### [Supplied data]
↓
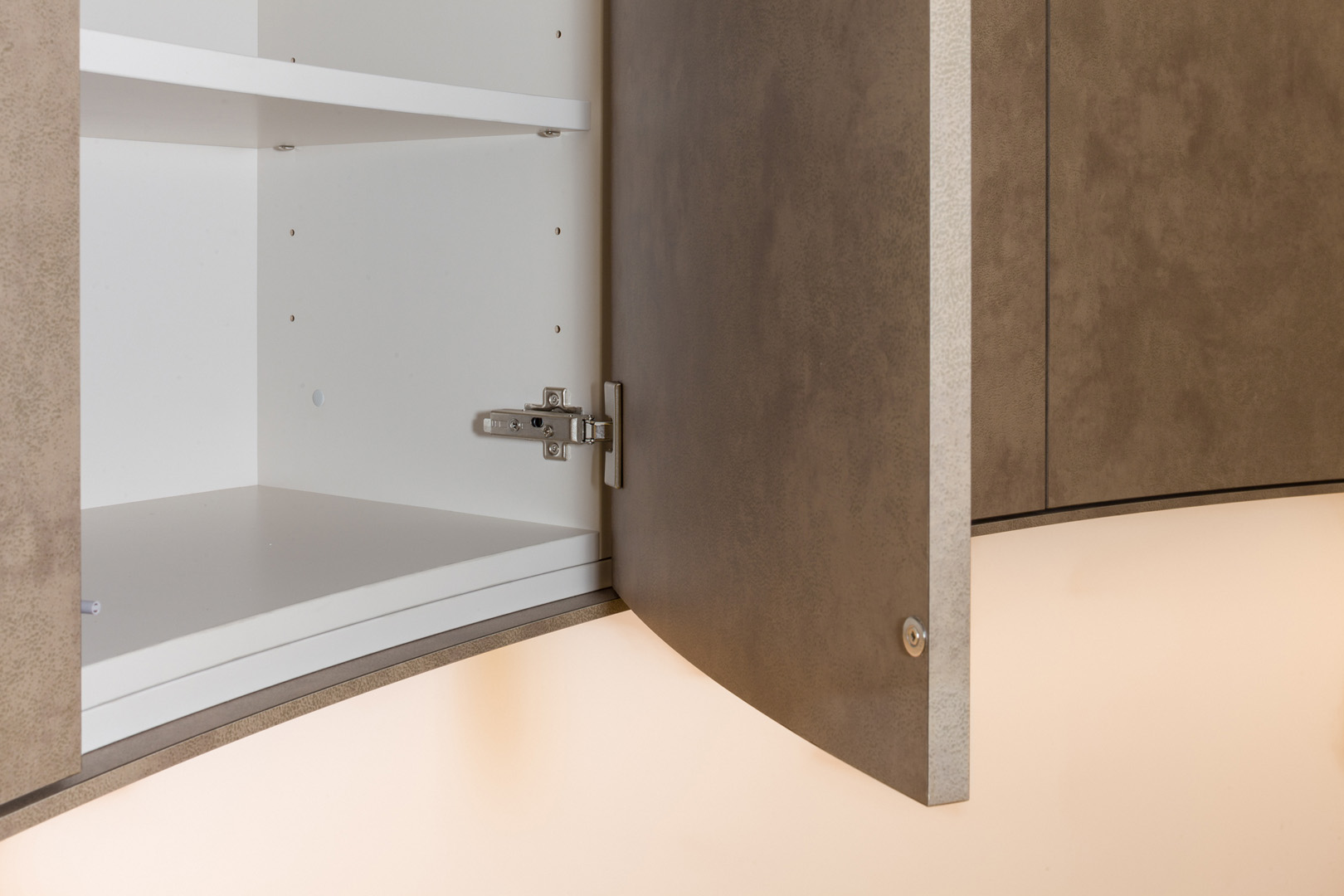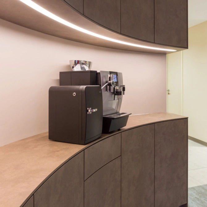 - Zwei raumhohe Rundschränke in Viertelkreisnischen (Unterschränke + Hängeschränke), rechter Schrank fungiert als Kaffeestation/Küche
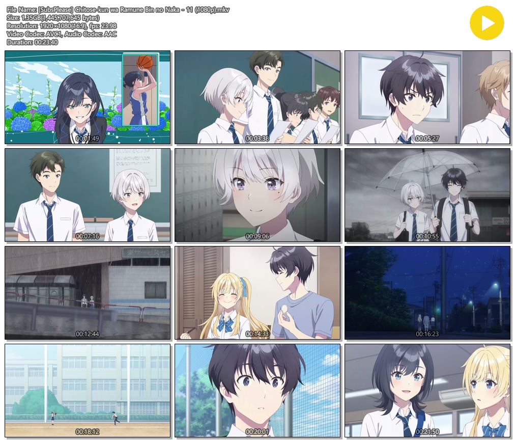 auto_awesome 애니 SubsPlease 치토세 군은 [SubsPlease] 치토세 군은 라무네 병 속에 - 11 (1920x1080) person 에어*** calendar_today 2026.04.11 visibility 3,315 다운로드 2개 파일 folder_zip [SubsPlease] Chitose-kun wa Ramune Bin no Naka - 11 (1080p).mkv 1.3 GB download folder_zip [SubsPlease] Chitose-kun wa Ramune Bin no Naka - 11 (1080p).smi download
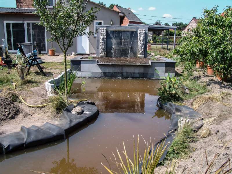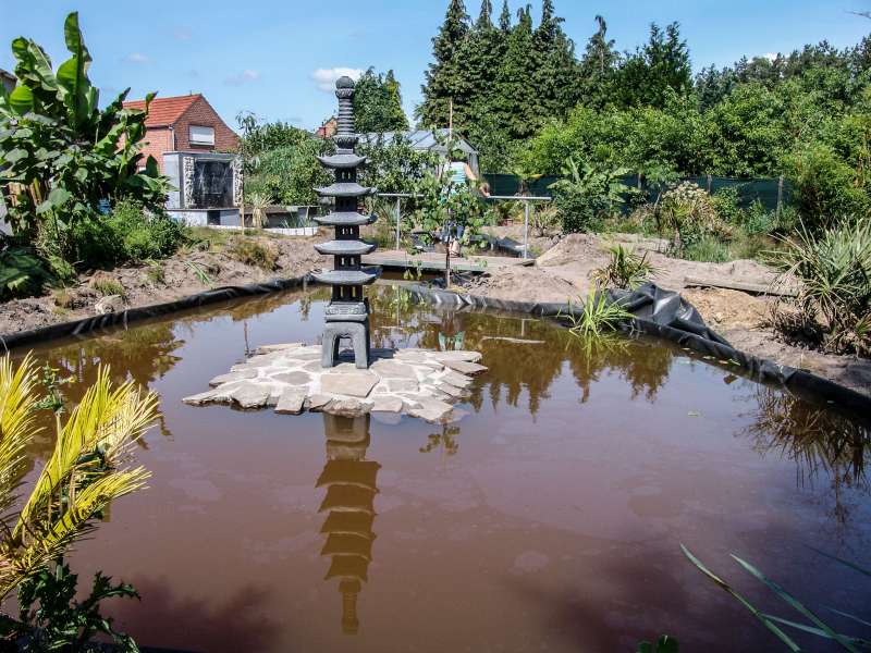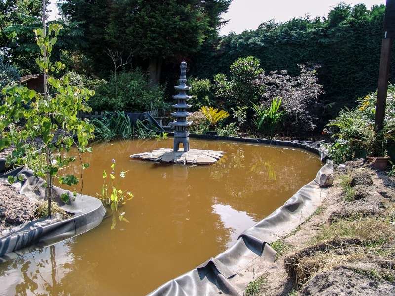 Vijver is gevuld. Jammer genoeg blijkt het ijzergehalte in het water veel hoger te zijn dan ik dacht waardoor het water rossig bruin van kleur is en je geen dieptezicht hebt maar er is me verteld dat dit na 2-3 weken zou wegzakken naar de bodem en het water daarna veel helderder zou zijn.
↑
### [Exercise requirements]
Output the listing above exactly, pictures omitted.

### [Expected answer]
 - Zwei raumhohe Rundschränke in Viertelkreisnischen (Unterschränke + Hängeschränke), rechter Schrank fungiert als Kaffeestation/Küche
 auto_awesome 애니 SubsPlease 치토세 군은 [SubsPlease] 치토세 군은 라무네 병 속에 - 11 (1920x1080) person 에어*** calendar_today 2026.04.11 visibility 3,315 다운로드 2개 파일 folder_zip [SubsPlease] Chitose-kun wa Ramune Bin no Naka - 11 (1080p).mkv 1.3 GB download folder_zip [SubsPlease] Chitose-kun wa Ramune Bin no Naka - 11 (1080p).smi download
 Vijver is gevuld. Jammer genoeg blijkt het ijzergehalte in het water veel hoger te zijn dan ik dacht waardoor het water rossig bruin van kleur is en je geen dieptezicht hebt maar er is me verteld dat dit na 2-3 weken zou wegzakken naar de bodem en het water daarna veel helderder zou zijn.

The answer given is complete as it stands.